**Work request:**
The reply should hold only the lines from the one with "最新上海外資企業(yè)黃頁" to the one with "這段抖音有近八萬個愛心,更有", both ends kept, exactly as they appear below, without any pictures.

**Data supplied:**
-------------------------

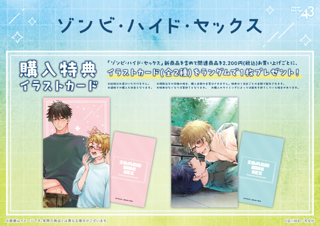 『ゾンビ・ハイド・セックス』新商品を含めて関連商品を1会計2,200円(税込)お買い上げごとに、購入特典としてイラストカード(全2種)をランダムで1枚プレゼント。
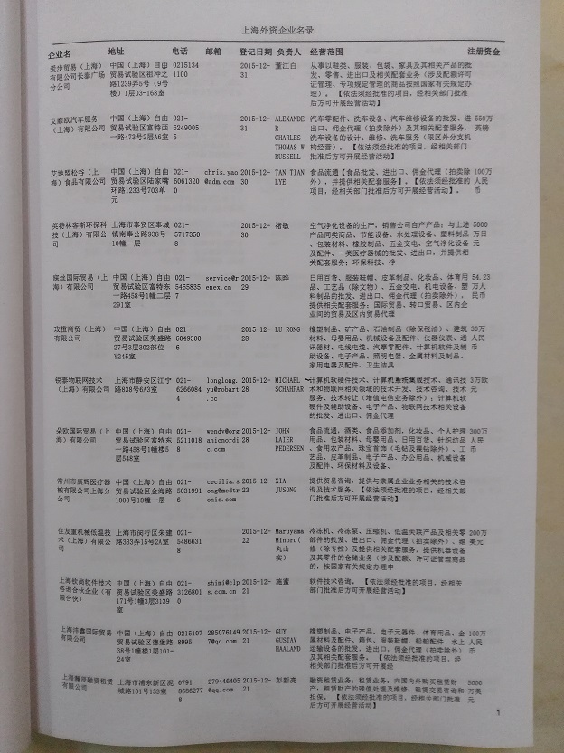 最新上海外資企業(yè)黃頁涵蓋了上海外商獨資企業(yè)、中外合資經營企業(yè)以及港、澳、臺資企業(yè),包括上海日企臺企黃頁等,具體內容包括:企業(yè)名稱、地址、電話、傳真、郵箱、經營范圍、注冊資金等信息;上海外資企業(yè)名單里面的企業(yè)都一些中外合資的大企業(yè),這些公司經濟實力都比較雄厚,出口產品也比較多,業(yè)務范圍都比較廣,跟他們開展業(yè)務往來都比較容易;有了上海日資臺資等企業(yè)黃頁開展業(yè)務也有了針對性,也省去了盲目去尋找客戶名單而浪費的時間了,工作效率也會有很大的提高.歡迎需要客戶及時聯(lián)系我們!
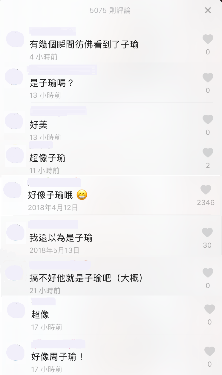 這段抖音有近八萬個愛心,更有五千多則評論,網友紛紛驚訝留言:「有幾個瞬間彷彿看到了子瑜」、「好美」、「超像子瑜」、「我還以為是子瑜」、「搞不好就是子瑜吧」、「超像」、「這是子瑜本人吧」、「是子瑜的分身,真的好漂亮」。
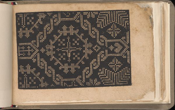 Curator: What strikes me first is the paper itself; you can almost feel the texture of it just by looking at it. It gives such a sense of antiquity. Editor: Indeed. What we are looking at here is page 45r from the "Schön newes Modelbuch," or "Beautiful New Pattern Book," created in 1608 by Sigismundus Latomus. It’s a woodblock print on paper and currently resides at The Metropolitan Museum of Art. These books were, essentially, the Instagram of the 17th century for needleworkers! Curator: Oh, fascinating. I see geometric patterns. Squares, diamonds, rendered in a very specific style. What do you read into those forms? Editor: The geometry is so precise, rigid even, yet something about it still speaks to a sense of harmony and balance. These weren’t simply decorative motifs. They carry the symbolic weight of order in a chaotic world; domesticity, certainly; perhaps even protection against ill fortune in the minds of those stitching them into clothing or linens. Curator: You're right. The symmetry, in its cultural context, is reassuring. The "Modelbuch" was very much part of the burgeoning print culture and fashion revolution that shaped the aspirations of those in the middling ranks of society at the time. They desired the sartorial elegance displayed by elites. The books provided a form of cultural instruction. Editor: And you can imagine the artisan or household member poring over the design, adapting it to their own vision, imbued as they were by shared cultural imagery. These motifs connect them, across time. I would be curious to look at how motifs in different cultures evolve—especially ones using textiles. Curator: And the choices behind that process become part of the object’s social and personal biography. It stops simply being fabric, becoming cultural expression. I'd love to compare it to contemporary uses of design. Editor: Me too! Looking at this piece, I appreciate the deep roots of seemingly simple patterns and how powerful they can be as reflections of history and imagination.
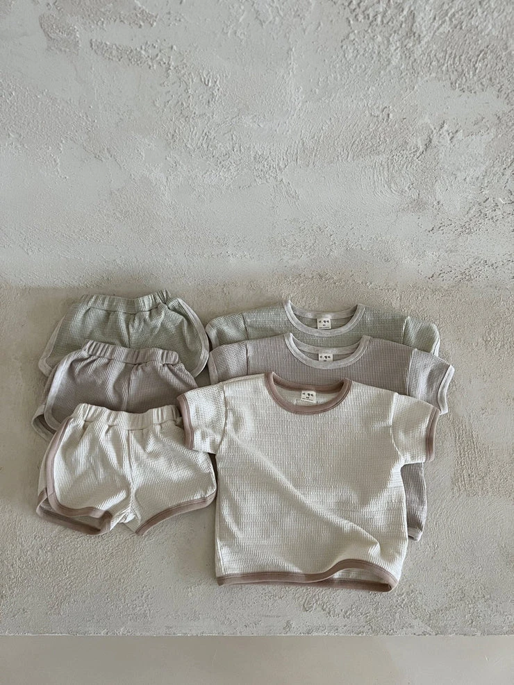 Short sleeved waffle top and matching shorts set featuring contrast trim details.
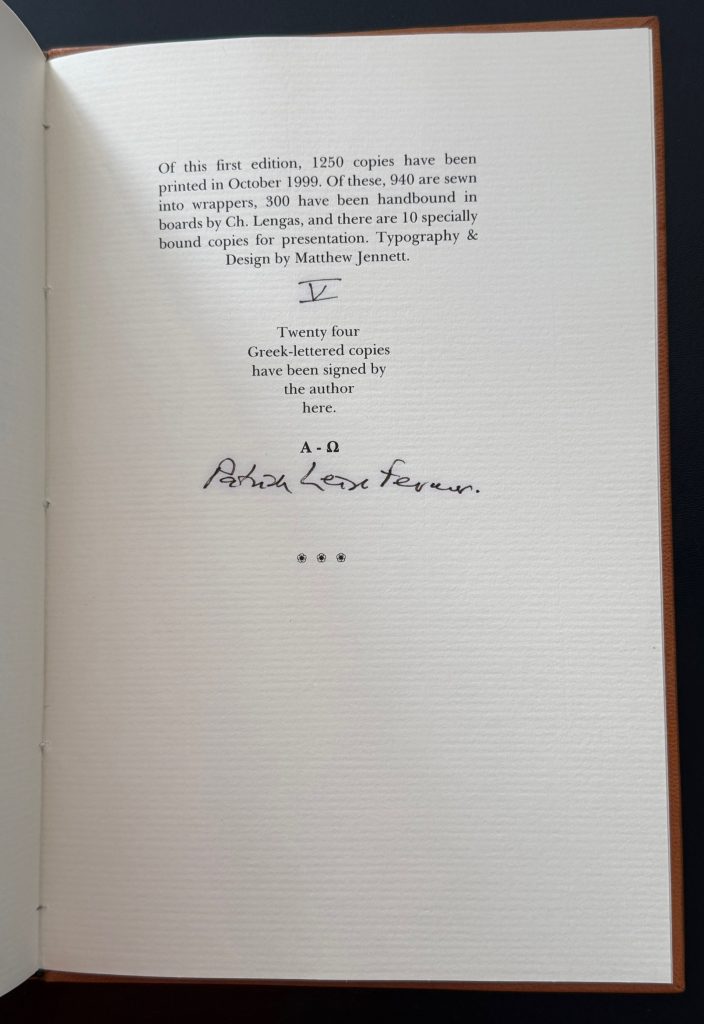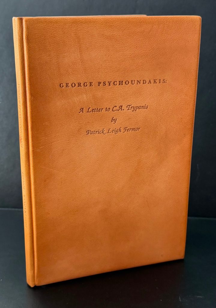 The sole printing published by Athens, The American College Of Greece in 1999. Number ‘V’ of only ten specially bound copies for presentation from a total limitation of 1250 copies. Signed By Patrick Leigh Fermor to the limitation page. Bound in full morocco with blind stamped titling as issued. Typography and design by Matthew Jennett. The text of a letter addressed to Oxford professor Constantine Trypanis (in English and Greek) about the contemporary Cretan poet and resistance hero George Psychoundakis who translated both the Iliad and The Odyssey into his local Cretan Dialect. Psychoundakis was also the author of 'The Cretan Runner', a memoir of the Cretan occupation which Leigh Fermor had translated and also had provided the introduction. Loosely laid in are the invitation and programme for the book launch at The American College of Greece, Aghia Paraskevi on the 1st November 1999. A handsome production. Scarce.
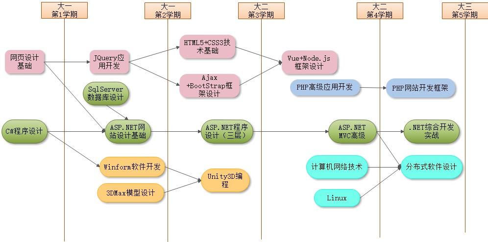 软件技术专业课程涵盖了国家专业标准中的“Web前端方向”和“.NET软件开发方向”,融入了VR虚拟设计大赛和分布式软件设计的相关课程,其专业课程生态体系分布如下:
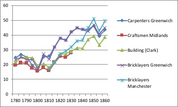From the study by Clark, we give the table for 1780-9 to 1860-9, for skilled building craftsmen:
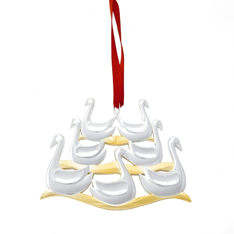 Main view Product Details Nambe 12 Days: Seven Swans A Swimming Ornament by Nambe® — On the seventh day of Christmas, the swans came a swimming. Part of the Twelve Days of Christmas Ornament Series, this ornament depicts the Seven Swans a Swimming in silver with golden touches in the background. Made of Silver Plate with Gold Plated Accent Red satin ribbon 4"W x 3½”H Wipe clean with dry cloth Shipped in Nambe signature gift box Designed by Mike Altomari Produced by Nambe®. 12 Days: Seven Swans A Swimming Ornament by Nambe® Nambe Santa Fe® FALL CELEBRATION Savings - ends SundayBuy More / Save More * Add this item to your cart for the full details of this promotion. Conditions may apply. Model #75012790 $35.95 This item IS in stock and can be expected to ship 11/19/2025 Your Price Match is Active Your request for a price of $0.00 for a minimum quantity of has been accepted. You have [time] left to purchase this item for $0.00 instead of $35.95 each. Find a Lower Price? We BEAT All Authorized Retailers [?] FEATURESMaterial:SilverplateFinish:Gold, SilverOccasion:ChristmasStyle:Sports & leisure, Words & whimsy, Expressions > ready made, Preppy, ContemporaryBrand:NambeDisplay Type:Wall Only Approx. Overall Dimensions:4"x3 1/4"x1/2" This item ships in its own box SHARE THIS ITEM Share on Facebook

-------------------------

**Response box:**
 最新上海外資企業(yè)黃頁涵蓋了上海外商獨資企業(yè)、中外合資經營企業(yè)以及港、澳、臺資企業(yè),包括上海日企臺企黃頁等,具體內容包括:企業(yè)名稱、地址、電話、傳真、郵箱、經營范圍、注冊資金等信息;上海外資企業(yè)名單里面的企業(yè)都一些中外合資的大企業(yè),這些公司經濟實力都比較雄厚,出口產品也比較多,業(yè)務范圍都比較廣,跟他們開展業(yè)務往來都比較容易;有了上海日資臺資等企業(yè)黃頁開展業(yè)務也有了針對性,也省去了盲目去尋找客戶名單而浪費的時間了,工作效率也會有很大的提高.歡迎需要客戶及時聯(lián)系我們!
 這段抖音有近八萬個愛心,更有五千多則評論,網友紛紛驚訝留言:「有幾個瞬間彷彿看到了子瑜」、「好美」、「超像子瑜」、「我還以為是子瑜」、「搞不好就是子瑜吧」、「超像」、「這是子瑜本人吧」、「是子瑜的分身,真的好漂亮」。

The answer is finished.